Refer to the documentation linked above for the up-to-date syntax but as of 7/24, the PowerShell commands would be:

# Save the data of the Microsoft Rule Package to a variable
$rulepack = Get-DlpSensitiveInformationTypeRulePackage -Identity "Microsoft Rule Package"

# Write the serialized rule collection to an XML file
[System.IO.File]::WriteAllBytes('C:\Temp\MicrosoftRulePack.xml', $rulepack.SerializedClassificationRuleCollection)

You can open the XML file in any text editor or XML viewer. It contains information structured roughly as follows:

On the high level, each rule pack XML has two tags..

  • RulePack – details on the rule pack itself like pack name, description, version, immutable guid and translations of the pack’s name to various languages.
  • Rules – the definitions of individual sensitive information types. This is mainly what we’re interested in.

The Rules tag contains..

Entities – definitions for the individual SIT’s confidence levels. These are what you see in the XML box in the documentation for some classifiers in Learn.

An entity

Regular expressions (RegEx) – these are used by various SITs to validate their primary patterns.

A RegEx pattern

Keyword lists – commonly utilized by SITs as supporting evidence.

A keyword list

Localized names and descriptions for each SIT – Matched to SIT definitions using their unique identifier, highlighted in the image below along with the default classifier name in English.

SIT name and description localizations

Exporting, customizing and re-uploading a rule pack XML is a supported and documented action you can take to, for example, add new keywords to built-in SITs if the common terminology your organization uses isn’t included by default.

While the Microsoft Rule Pack contains definitions for hundreds of SITs, I mentioned previously that there are others, too – and some of them we can’t directly access.

When you run the Security & Compliance PowerShell command Get-DLPSensitiveInformationTypeRulePackage, you might think you’re getting a comprehensive list of all rule packs in your tenant. In fact, Microsoft even says so in the documentation:

🚫 This isn’t true.

The cmdlet above actually only lists the rule packs you are allowed to export and modify, like the Microsoft Rule Pack along with the rule packs for your custom Exact Data Match classifiers, Document Fingerprint SITs and other custom information types you might have created.

To really enumerate every rule pack in your tenant, we need to pull up the Security & Compliance PowerShell and list them based on the sensitive information type attribute DlpSensitiveInformationTypeRuleCollection, which designates the rule pack each particular SIT is contained in. Try it and see:

# Retrieve all DLP sensitive information types
$classifiers = Get-DlpSensitiveInformationType

# Group the classifiers by their rule pack, then select the count and name of each group, sorting by count in descending order
$rulepacks = $classifiers | Group-Object DlpSensitiveInformationTypeRuleCollection | Select-Object Count, Name | Sort-Object Count -Descending

# Output the sorted rule packs
$rulepacks

Doing a quick comparison between the rule packs reported by the Get-DLPSensitiveInformationTypeRulePackage command and those identified by our custom enumeration, we’ll quickly notice that at least two Microsoft-managed rule packs containing a grand total of 101 SITs exist – but aren’t available to us for closer scrutiny or export. These are:

  • Microsoft Entity Rule Package
  • Microsoft Credential Scanner Rule Package

If you want to see which sensitive information types these two rule packs contain, you can dump the data for all classifiers into a CSV file with..

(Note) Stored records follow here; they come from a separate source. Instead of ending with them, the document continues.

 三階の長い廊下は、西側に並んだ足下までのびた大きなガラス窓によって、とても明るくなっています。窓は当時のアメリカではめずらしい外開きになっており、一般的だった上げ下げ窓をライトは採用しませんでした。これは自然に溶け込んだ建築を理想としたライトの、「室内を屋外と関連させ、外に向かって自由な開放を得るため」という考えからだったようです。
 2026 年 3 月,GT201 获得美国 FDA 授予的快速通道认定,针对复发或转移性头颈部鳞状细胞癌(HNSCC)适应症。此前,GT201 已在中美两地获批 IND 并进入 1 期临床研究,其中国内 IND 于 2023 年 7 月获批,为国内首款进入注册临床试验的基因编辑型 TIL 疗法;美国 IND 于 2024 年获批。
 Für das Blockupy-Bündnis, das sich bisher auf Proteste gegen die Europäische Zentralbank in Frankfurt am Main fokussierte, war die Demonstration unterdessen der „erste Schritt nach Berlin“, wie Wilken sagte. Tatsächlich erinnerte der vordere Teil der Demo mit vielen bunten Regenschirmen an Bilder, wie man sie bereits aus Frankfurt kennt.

# Retrieve all DLP sensitive information types
$classifiers = Get-DlpSensitiveInformationType

# Export the DLP sensitive information types to a CSV file
$classifiers | export-csv D:\Temp\SensitiveInformationTypes.csv -Encoding Unicode -NTI

Let’s fire up Excel and take a peek at that CSV, shall we?

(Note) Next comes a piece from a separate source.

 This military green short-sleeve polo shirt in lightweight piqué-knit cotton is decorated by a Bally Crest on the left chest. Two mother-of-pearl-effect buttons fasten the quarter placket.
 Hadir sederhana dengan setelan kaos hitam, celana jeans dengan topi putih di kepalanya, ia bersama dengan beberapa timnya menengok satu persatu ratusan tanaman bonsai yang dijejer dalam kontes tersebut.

The Microsoft Entity Rule Package holds the definitions for so-called named entities – containing both the broad, so-called bundled (for ex. All Physical Addresses) and the narrower un-bundled (for ex. Finland Physical Addresses) classifiers.

Like its name suggests, the Microsoft Credential Scanner Rule Package exclusively contains SITs related to detecting credentials.

⚠️ Not every single credential SIT is contained in this rule pack. Some, like Azure Storage Account Key are located in the Microsoft Rule Pack instead, letting us access their definitions directly. The logic behind this split isn’t yet clear to me.

Microsoft doesn’t allow closer scrutiny or export of either the entity or credential scanner rule packages. Because of this, we have no direct access to the exact confidence level criteria for the SITs they contain.

We can only rely on the information provided through each classifier’s online documentation – for an example, look at the documentation for the User Login Credentials SIT. I’ll use this one as an example going forward.

Through the documentation, we can study all the elements that are used to find SIT matches. For SITs contained in the entity and credential scanner rule packs, there is no exact technical description of how Low, Medium or High confidence levels are assigned. We can look at the occasionally-provided examples and try to infer some logic from them.

The numerical confidence scoring definition is entirely absent – and as we can see in a moment, the given examples can also be misleading.

SITs in the Entity and Credential Scanner rule packs only have vague examples instead of exact confidence level definitions

Reverse-engineering confidence scoring with PowerShell

Tools like eDiscovery, Content Search and Defender for Cloud Apps File Policies rely on numerical confidence scores between 0-100 instead of confidence levels when using them to look for sensitive content with Purview SITs, so understanding how scores are assigned is crucial information for us.

File Policies in Defender for Cloud Apps rely on confidence scores

Can we somehow find out the exact confidence score for a string of text and work backwards from there?

🤔 Perhaps we can.

Let’s open the Security & Compliance PowerShell one more time and use the handy Test-DataClassification cmdlet on the example strings provided in Microsoft Learn. In this case, I’ll use one of the examples for the User Login Credentials SIT.

The cmdlet lets us input a string of text and lets us know which confidence score breakpoints the string surpassed. You can test against all or specified SITs.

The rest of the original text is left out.